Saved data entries
######

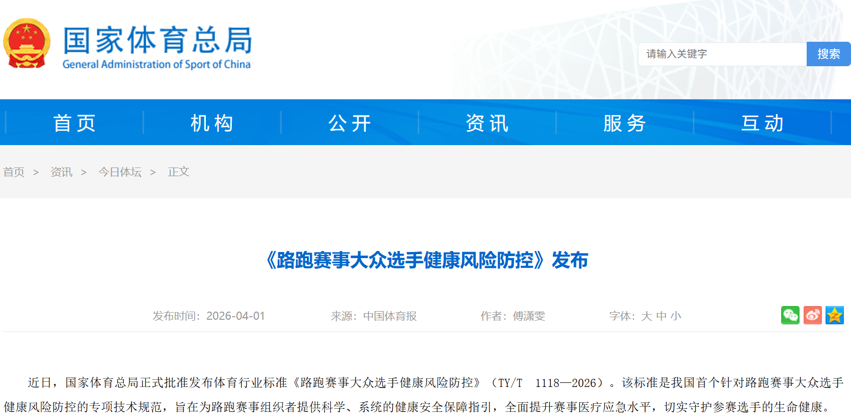 4 月 1 日、4 月 4 日,国家体育总局、中国田径协会接连发布重磅新政,出台我国首个路跑健康专项标准与安全保障通知,全面补齐行业安全短板,标志路跑行业正式进入 “安全规范元年”。
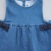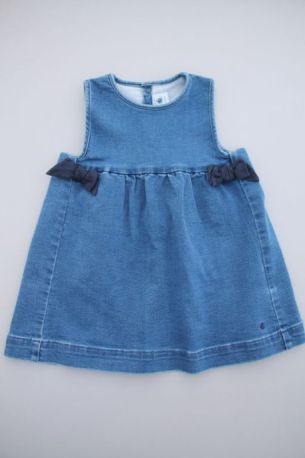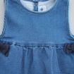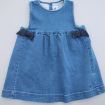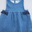 Robe chasuble en denim bleu foncé, pour bébé fille 12 à 18 mois, idéale pour la mi-saison, avec 2 poches devant et fermeture zippée dans le dos pour faciliter l'enfilage.
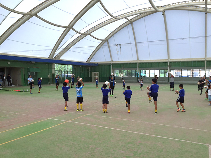 健康促進ということで、サッカーボールを使ったエアロビクス「ボールビクス」をトレーニングに組み込み、普段のサッカー教室とは一味違うサッカー教室を行いました。「ボールビクス」は、音楽に合わせてリズムよく、手に持ったボールとからだを縮めたり伸ばすものや、2人組で向かい合い足を左右交互に動かし手に持ったボールを交換するなどのプログラムがあります。有酸素運動なので、参加者のみなさんは気が付けば滝のような汗が額から流れるほどに!!
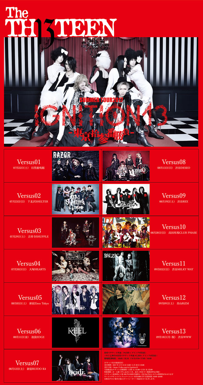 13日間にわたって開催されるこの2マンライブには、RAZOR、Mix Speaker’s,Inc.、ザアザア、DADAROMA、FEST VAINQUEUR、KEEL、heidi.、HERO、グリーヴァ、ダウト、BALZAC、怪人二十面奏、LM.Cといった個性豊かなバンドが集結。いずれのバンドも独自のカラーを持つ個性的なバンドなので、13日間それぞれ毎回違ったThe THIRTEENとの化学反応を見せてくれることだろう。
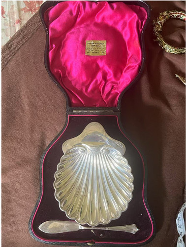 Ваза - икорница и нож-лопатка в оригинальном футляре, Англия, общий вес изделий 89 гр, 925 пр максимальная длина вазы 13,3 см, ширина 10,4 см, высота 2,5 см длина ножа 13,5 см размеры футляра: максимальная ширина 17 см, длина длина 18 см, высота 4,5 см (пятна, потертости, надрывы)
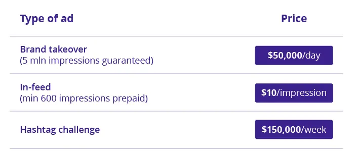 O TikTok começou a experimentar publicidade no final de 2018, embora não tenha decolado até o ano seguinte. Houve muita discussão nos primeiros dias sobre o alto custo dos anúncios TikTok. Pode custar às marcas de $50.000 a $100.000 para assumir o canal TikTok popular, por exemplo, e o custo de um desafio de hashtag tem uma taxa fixa de $150.000 por seis dias, com as empresas gastando dólares adicionais na promoção do desafio.
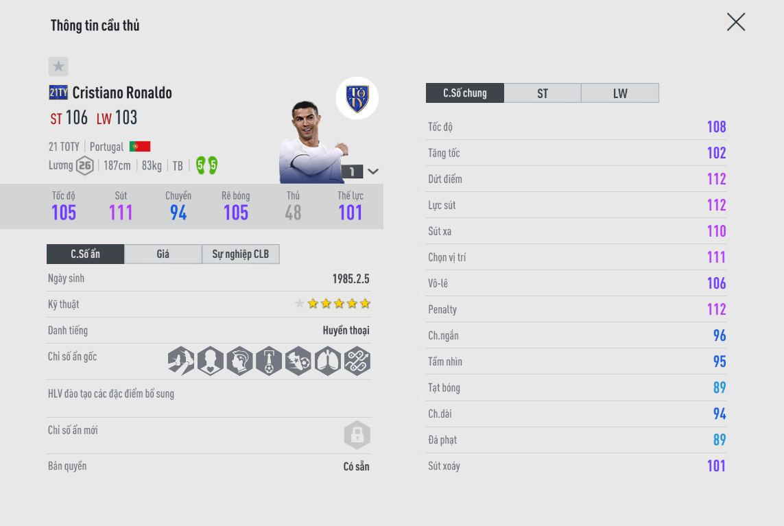 Khỏi phải bàn về huyền thoại đương đại này của Real. Vấn đề của Ronaldo là anh có quá nhiều mùa giải để lựa chọn. Tất nhiên lời khuyên cho các bạn là mùa 21TY hoặc LH với hiệu suất cao nhất và khả năng đóng góp lối chơi quá tốt

######

- What the task requires: Only the pictures are to be left out, and all of the data must otherwise be transcribed exactly.

- Answer to this exercise:
 4 月 1 日、4 月 4 日,国家体育总局、中国田径协会接连发布重磅新政,出台我国首个路跑健康专项标准与安全保障通知,全面补齐行业安全短板,标志路跑行业正式进入 “安全规范元年”。
 Robe chasuble en denim bleu foncé, pour bébé fille 12 à 18 mois, idéale pour la mi-saison, avec 2 poches devant et fermeture zippée dans le dos pour faciliter l'enfilage.
 健康促進ということで、サッカーボールを使ったエアロビクス「ボールビクス」をトレーニングに組み込み、普段のサッカー教室とは一味違うサッカー教室を行いました。「ボールビクス」は、音楽に合わせてリズムよく、手に持ったボールとからだを縮めたり伸ばすものや、2人組で向かい合い足を左右交互に動かし手に持ったボールを交換するなどのプログラムがあります。有酸素運動なので、参加者のみなさんは気が付けば滝のような汗が額から流れるほどに!!
 13日間にわたって開催されるこの2マンライブには、RAZOR、Mix Speaker’s,Inc.、ザアザア、DADAROMA、FEST VAINQUEUR、KEEL、heidi.、HERO、グリーヴァ、ダウト、BALZAC、怪人二十面奏、LM.Cといった個性豊かなバンドが集結。いずれのバンドも独自のカラーを持つ個性的なバンドなので、13日間それぞれ毎回違ったThe THIRTEENとの化学反応を見せてくれることだろう。
 Ваза - икорница и нож-лопатка в оригинальном футляре, Англия, общий вес изделий 89 гр, 925 пр максимальная длина вазы 13,3 см, ширина 10,4 см, высота 2,5 см длина ножа 13,5 см размеры футляра: максимальная ширина 17 см, длина длина 18 см, высота 4,5 см (пятна, потертости, надрывы)
 O TikTok começou a experimentar publicidade no final de 2018, embora não tenha decolado até o ano seguinte. Houve muita discussão nos primeiros dias sobre o alto custo dos anúncios TikTok. Pode custar às marcas de $50.000 a $100.000 para assumir o canal TikTok popular, por exemplo, e o custo de um desafio de hashtag tem uma taxa fixa de $150.000 por seis dias, com as empresas gastando dólares adicionais na promoção do desafio.
 Khỏi phải bàn về huyền thoại đương đại này của Real. Vấn đề của Ronaldo là anh có quá nhiều mùa giải để lựa chọn. Tất nhiên lời khuyên cho các bạn là mùa 21TY hoặc LH với hiệu suất cao nhất và khả năng đóng góp lối chơi quá tốt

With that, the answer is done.